経済産業省が29日発表した5月の商業動態統計速報によると、小売業販売額は前年同月比12.3%減の11兆650億円となった。13.9%減だった4月より減少幅は縮んだが、2カ月連続の2桁減は比較可能な1980年以降で初めて。新型コロナウイルスの感染拡大で自動車や衣料品などが落ち込んだ。

前年水準を下回るのは3カ月連続。減少率は1998年3月の14.3%、20年4月の13.9%に次ぐ3番目の大きさだ。5月25日に全面解除されるまで政府の緊急事態宣言が続き、外出自粛や店舗の休業が響いた。

品目別では自動車が35.2%減と大きく減った。「外出自粛による客数の減少や出荷抑制の影響が出た」(経産省の担当者)。織物・衣服・身の回り品も店舗の臨時休業などで34.3%減った。

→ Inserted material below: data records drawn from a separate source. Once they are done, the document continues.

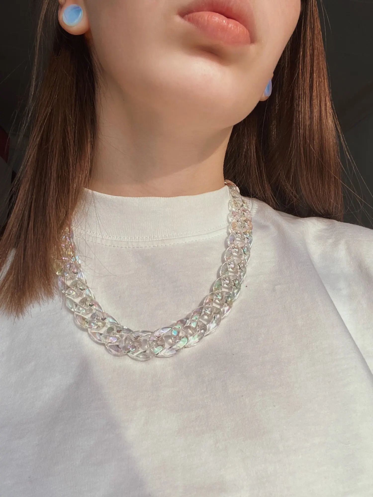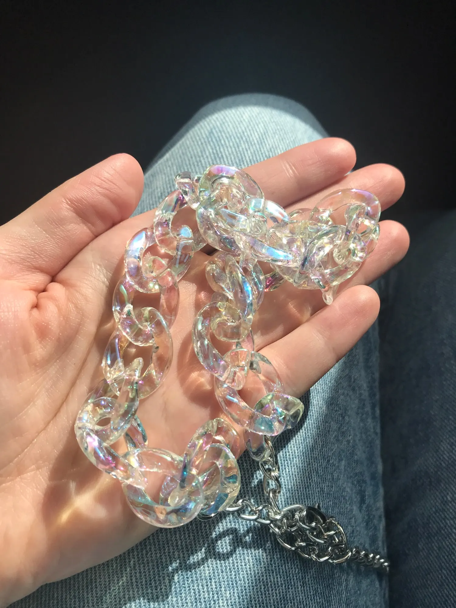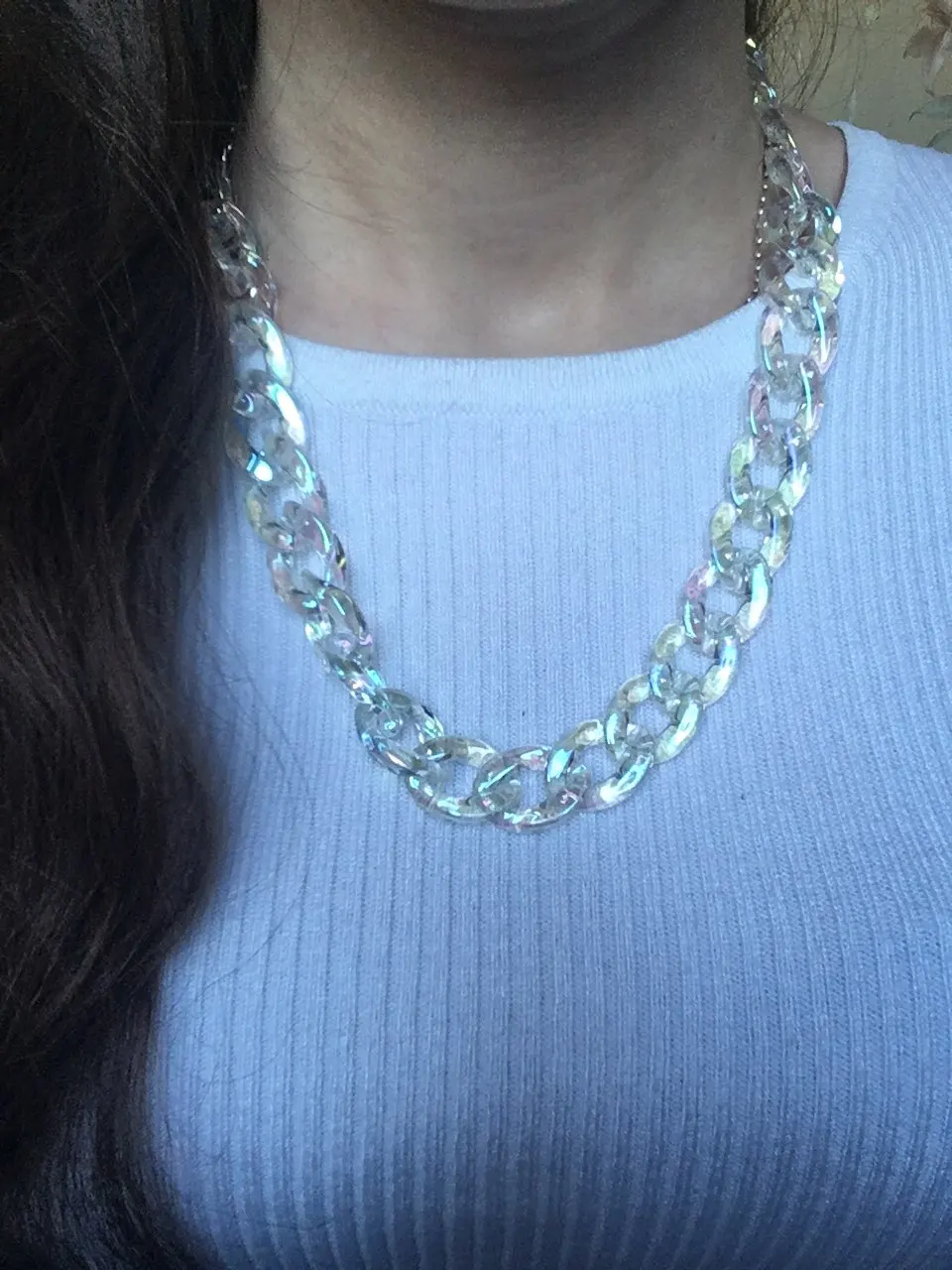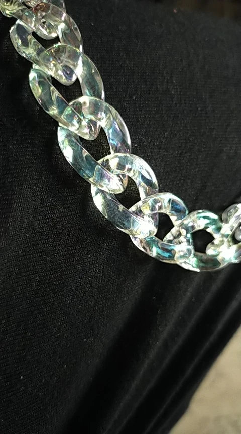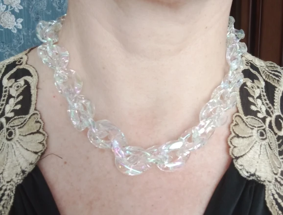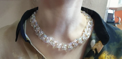 Доставка не слишком долгая, пришло чуть позже назначенного дня. Цепь очень красивая, прикольно смотрится, не тяжелая, а на солнце отдает переливные цвета. В общем, заказом довольна, все красиво.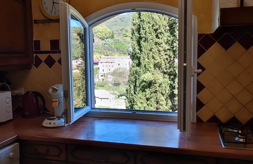 Villa with private POOL in its own grounds. Our Provençal style villa sits on a hillside facing south east with a magnificent VIEW over the unspoiled mediaeval village of Montferrat. It has a stone barbecue. The villa is well kept and comfortably furnished. The villa is suitable for 2 families and is just a SHORT walk from the village. The Lounge opens onto a large, covered Terrace with garden furniture, and a large fridge / freezer. There is a Panoramic view over the Village, superb at night, the gardens and pool nestled on a beautifully wooded hillside, offers both open and shaded lounging areas with complete privacy. The spacious open beamed Lounge with dining area includes a wood stove, leather sofas, color satellite T. V. and DVD Video, CD player. The adjacent modern Kitchen is fully equipped with a double sink, fridge freezer, dishwasher, microwave oven, electric wall oven and a 5 ring gas hob, with a profusion of cooking utensils, cutlery and crockery. There is a large American fridge freezer. A double and twin Bedroom are on the main floor along with a fully furnished Bath / shower / toilet room. A mezzanine gallery leads to the Master Bedroom with antique furniture and king size double bed. The bedroom window overlooks the Pool. Another Bedroom with 2 king size single beds, separate W. C. and shower room share this floor. The floors are covered with beautiful tiles very cool in the summer.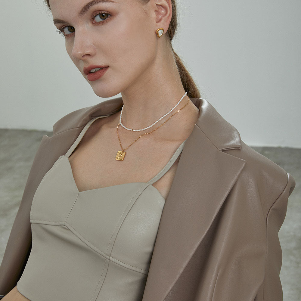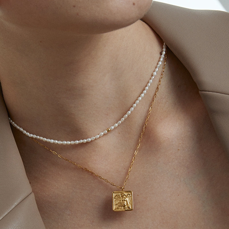 Layering necklace set including single pearl choker necklace and gold angel necklace, SET OF 2.?The square pendant carved with an elegant angel comes on a gold-plated chain. Thanks to its ingenious hinge mechanism, the square-cut pendant is textured. Matching with a delicate pearl necklace, it is unique and gentle. Make this personal piece be your essential adornment.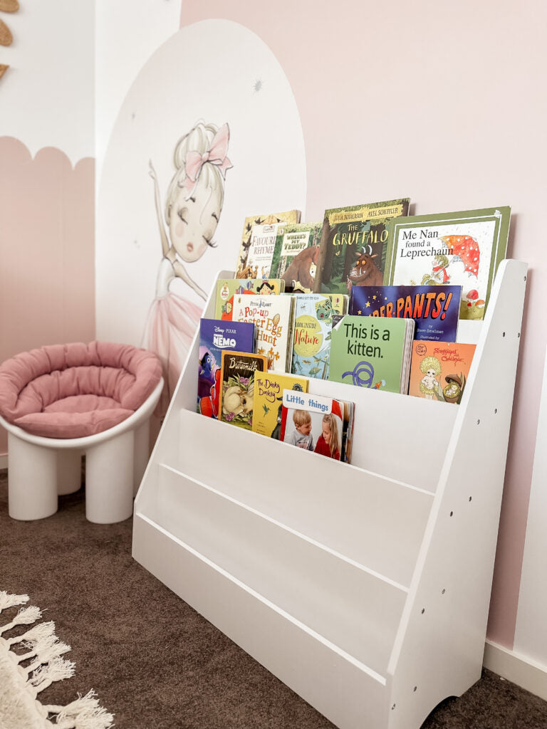 Bookshelf rack has 5 layers that can hold books of any size. A perfect way to keep your kids book all organized in one area of the room. No more clutter!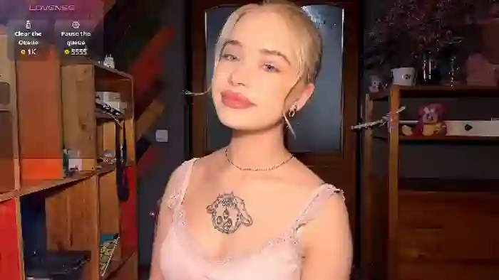 Her birthday is March 25th 2006 making her 19 years old, and the average age of models on Flirt4Free is 25—making her one of the younger models. Her height is 160cm, and her weight is 48kg. She identifies her ethnicity as mixed. She has a shaved pubic hair, and c cup breasts on a slim body with blue eyes and shoulder blonde hair.Her body art includes piercings, tattoo(s).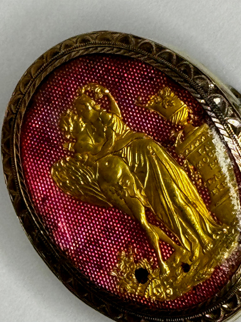 An exquisite Neoclassical French 18th Century oval sentimental brooch, c.1760, capturing the timeless myth of Cupid and Psyche. Crafted in delicate high-carat 14ct gold appliqué, the figures are set against a vibrant crimson woven silk ground, preserved beneath protective domed glass. The reverse is meticulously fashioned in silver-gilt, retaining its original elongated steel pin and open C-clasp. This harmonious union of gold, textile, and glass reflects the refined artistry of late Georgian sentimental jewels.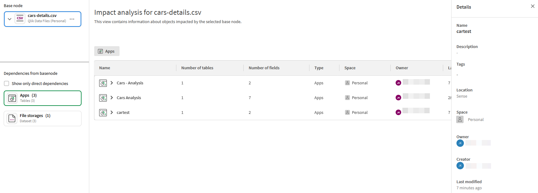Qlik Cloud предоставляет агрегированную сводку нисходящего воздействия, которая позволяет интерактивно исследовать прямые или косвенные зависимости данного поля или объекта.

業態別にみると百貨店が64.1%減った。4月の71.5%より減少幅は縮小したが「営業時間の短縮やインバウンド(訪日客)需要の減少で振るわない」(同)。スーパーは6.9%増と前月の3.7%増から増加幅が広がった。自宅で食事することが増え、食材や調理食品が好調だった。経産省は小売販売の基調判断を「下げ止まりがみられる」に上方修正した。